→ **EXERCISE**
Exact transcription, pictures omitted: begin at the top line of the records below and end with the line bearing "В равнобедренном треугольнике".

=== GIVEN RECORDS ===

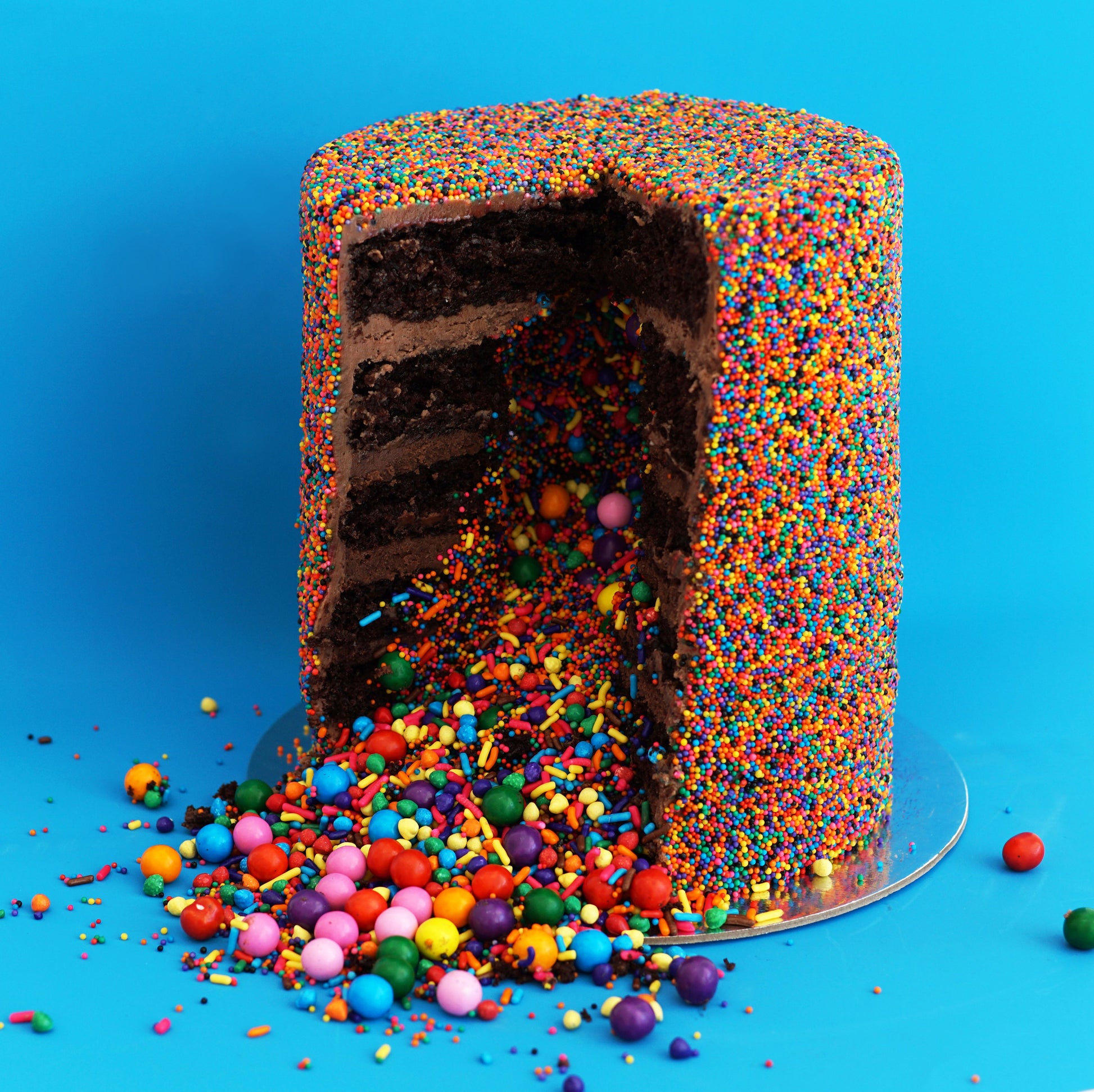 Our Midi Chocolate Cake is 6 layers of chocolate cake, chocolate cream cheese frosting, decorated with rainbow nonpareils and contain a sprinkle surprise in the center. Comes in a Flour Shop Cake Box.
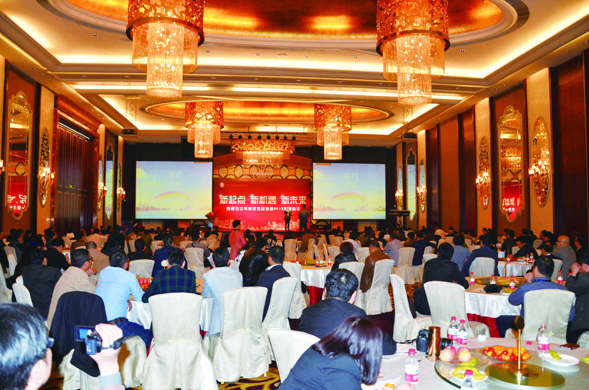 會上,公司副總經理陳衛東首先向遠道而來的各位優秀經銷商表示熱烈地歡迎。他說,2013年我們萬眾一心,團結奮斗,超額完成了年初制定的各項經營目標。我們肩負著彼此的責任,勇于進取,開創出了輝煌的銷售業績。經過十余年的打拼,西繼迅達電梯的整體水平已經邁上一個更高的平臺,同時這也將是我們一個嶄新的起點。展望2014,我們有著更多的機遇和挑戰,企業在組織機構、產品、服務、管理上,進行了更深入優化,給各位經銷商朋友營造更好更高的發展平臺。同時西繼迅達將進一步整合各方資源,集結自身優勢,加大服務力度,全力打造“最安全的電梯”!相信通過大家的不懈努力,2014年又將是我們成功的一年、輝煌的一年!
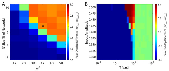 We next investigated how the consolidation depends on the number of input neurons, i.e., the size of , and the magnitude of the weight of the connections stemming from the input (Equation (4)). We varied both of these parameters and monitored maximal change in magnitude of new-state overlap from pre-learning (as exemplified on Figure 1A) to post-learning (Figure 1C). These results are presented in Figure 2A and one can observe that the number of input neurons can be as small as 4% of the total network size to observe meaning full change in the overlap over the rest of the network. Conversely the can be as low 2.3 to observe increase of the overlap. Hence, even weak and sparse input can have noticeable impact on network dynamics, but only near criticality. The asterisk represents the parameter configuration used to generate results presented on Figure 1.
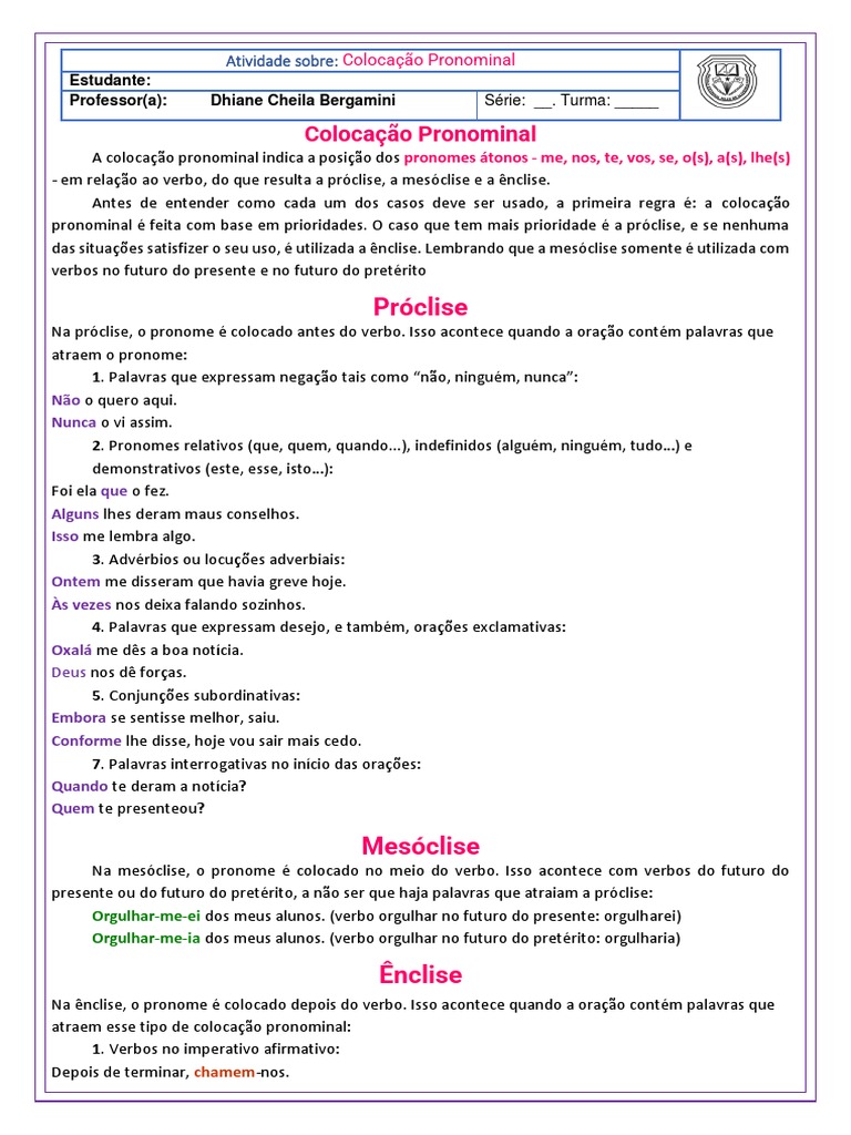 Atividade sobre: Colocação Pronominal
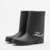 Hunter black low-cut wellies. Made from natural vulcanized rubber with a matte finish, these boots are both practical and stylish. Face rainy days with confidence and a touch of sophistication.
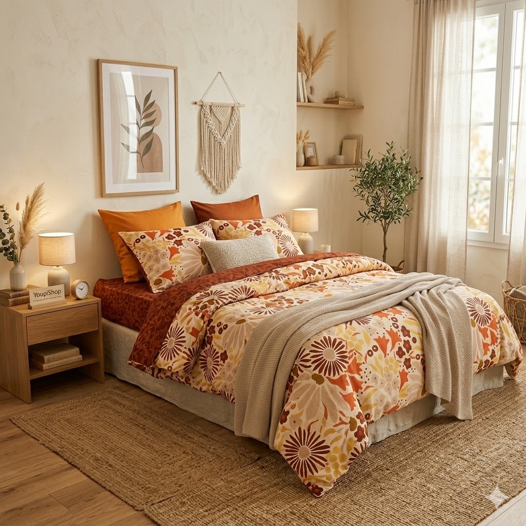Offrez une ambiance chaleureuse et vintage à votre chambre avec cette parure de lit aux motifs floraux rétro dans des tons bruns, crème et jaunes. Le recto présente un imprimé floral généreux et lumineux, tandis que le verso arbore un motif discret brun pour varier les ambiances.
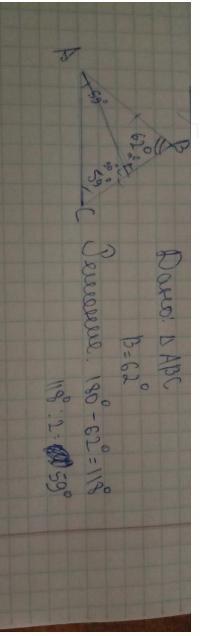 В равнобедренном треугольнике ABC величина угла вершины ∡ B = 62°. Определи угол основания AC с высотой AM, проведённой к боковой стороне.∡ MAC =
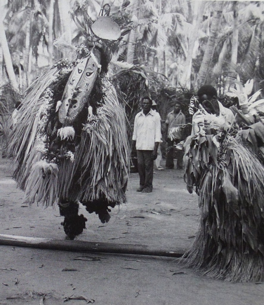 De ces énormes costumes de feuilles montés sur un cône réalisé avec du rotin et de la fibre de coco, émergeait une tête allongée dont on distinguait de prime abord un nez démesurément long recouvert de coquillages et des cauris à la place des orbites des yeux. Les masques dansaient par paires et chantaient probablement en criant dans des résonateurs de bambou que nous ne pouvions voir, mais qui leur conféraient une voix surpuissante ! Les femmes, les plus jeunes, dansaient, elles aussi. Je n’avais jamais rien vu d’aussi impressionnant.
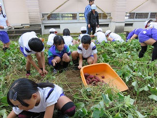 JAのあぐり事業を受けて、5月に植えたさつまいもを掘りました。2限目は1.2.5.6年、3限目に3.4年生が掘りました。収穫は少なかったのですが、作物を作る体験、土に触れる体験ができました。JAの指導してくださった職員の方々、ありがとうございました。
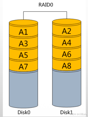 - 核心原理:将数据平均分成若干块,分散存储在多块磁盘上,无数据冗余和校验;
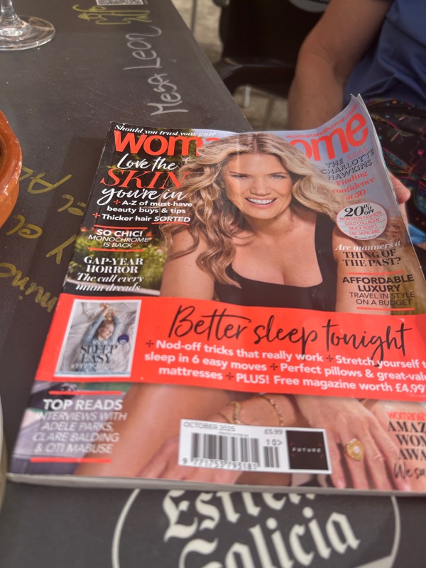 side bar- A woman from Ireland just shared a fashion magazine for us to read tonight, there is an article on how to get better sleep which we both need!
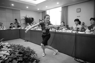 "随机"起舞 昨日,市十一次党代会朝阳区分团会议结束后,朝阳区文化馆项目负责人罗晓英应其他代表要求,现场随着手机音乐表演了一段舞蹈。新京报记者 赵亢 摄影报道
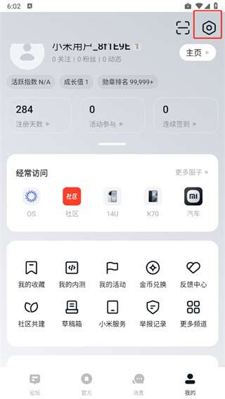 软件提交 专题合集 热门手游小米社区app怎么关闭广告,首先打开小米社区app软件,进入到首页中后可以切换到官方、消息、我的页面,我们点击右下角的【我的】,然后在我的页面中有很多的功能可以使用,在这点击右上角的【设置图标】。
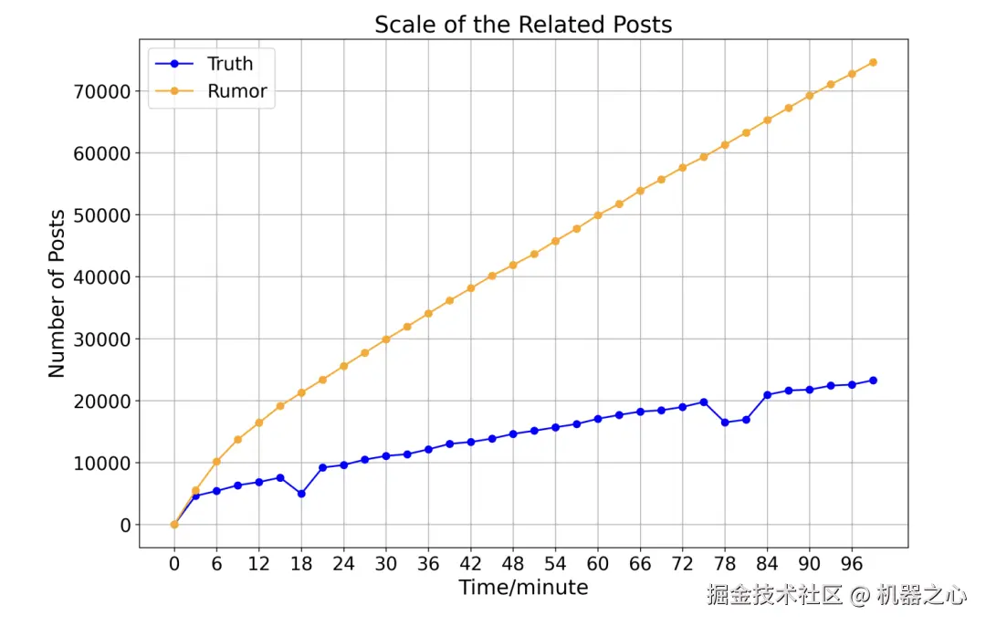 实验模拟了 96 分钟的交互过程,每 3 分钟为一个时间步。在此期间,该团队统计了真假消息相关帖子的数量变化,以分析真假消息的传播和影响力差异。
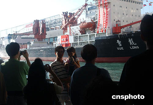 | 中國破冰船“雪龍?zhí)枴钡诌_(dá)香港補(bǔ)給并停泊在尖沙咀海運碼頭,這艘唯一能在極地航行的破冰船,冀三日的訪港活動,擴(kuò)闊港人視野!把?zhí)枴睂⒊掏蠘O挑戰(zhàn)南極的最高點,這將是中國人首次深入南極內(nèi)陸一千三百公里,創(chuàng)造中國南極考察史新紀(jì)錄。圖為10月30日大批香港市民前來圍觀“雪龍?zhí)枴逼票。作?尚金生
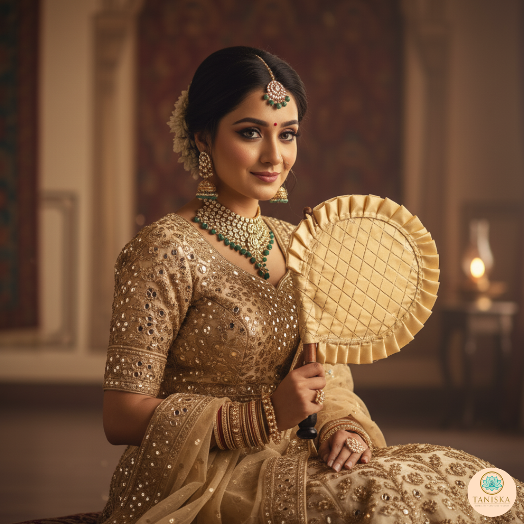 This beautifully decorated traditional punjabi pakhi (hand fan) can now be purchased online at: www.taniska.com. The elegant work done on this hand fan gives it a perfect look to rock any punjabi festival! Perfect for giddha dance performances on stage as well. This pakhi is most commonly also used during the shagan ceremony within the punjabi weddings, maiyan ceremonies as well as mehndi nights. The pakhis are also a perfect choice to style your home with as well which give a traditional authentic punjabi feel to any room. And of course you can also use the hand fan to cool yourself during the very hot climates when the suns out of course!!!

===

→ **ANSWER SPACE**
 Our Midi Chocolate Cake is 6 layers of chocolate cake, chocolate cream cheese frosting, decorated with rainbow nonpareils and contain a sprinkle surprise in the center. Comes in a Flour Shop Cake Box.
 會上,公司副總經理陳衛東首先向遠道而來的各位優秀經銷商表示熱烈地歡迎。他說,2013年我們萬眾一心,團結奮斗,超額完成了年初制定的各項經營目標。我們肩負著彼此的責任,勇于進取,開創出了輝煌的銷售業績。經過十余年的打拼,西繼迅達電梯的整體水平已經邁上一個更高的平臺,同時這也將是我們一個嶄新的起點。展望2014,我們有著更多的機遇和挑戰,企業在組織機構、產品、服務、管理上,進行了更深入優化,給各位經銷商朋友營造更好更高的發展平臺。同時西繼迅達將進一步整合各方資源,集結自身優勢,加大服務力度,全力打造“最安全的電梯”!相信通過大家的不懈努力,2014年又將是我們成功的一年、輝煌的一年!
 We next investigated how the consolidation depends on the number of input neurons, i.e., the size of , and the magnitude of the weight of the connections stemming from the input (Equation (4)). We varied both of these parameters and monitored maximal change in magnitude of new-state overlap from pre-learning (as exemplified on Figure 1A) to post-learning (Figure 1C). These results are presented in Figure 2A and one can observe that the number of input neurons can be as small as 4% of the total network size to observe meaning full change in the overlap over the rest of the network. Conversely the can be as low 2.3 to observe increase of the overlap. Hence, even weak and sparse input can have noticeable impact on network dynamics, but only near criticality. The asterisk represents the parameter configuration used to generate results presented on Figure 1.
 Atividade sobre: Colocação Pronominal
 Hunter black low-cut wellies. Made from natural vulcanized rubber with a matte finish, these boots are both practical and stylish. Face rainy days with confidence and a touch of sophistication.
Offrez une ambiance chaleureuse et vintage à votre chambre avec cette parure de lit aux motifs floraux rétro dans des tons bruns, crème et jaunes. Le recto présente un imprimé floral généreux et lumineux, tandis que le verso arbore un motif discret brun pour varier les ambiances.
 В равнобедренном треугольнике ABC величина угла вершины ∡ B = 62°. Определи угол основания AC с высотой AM, проведённой к боковой стороне.∡ MAC =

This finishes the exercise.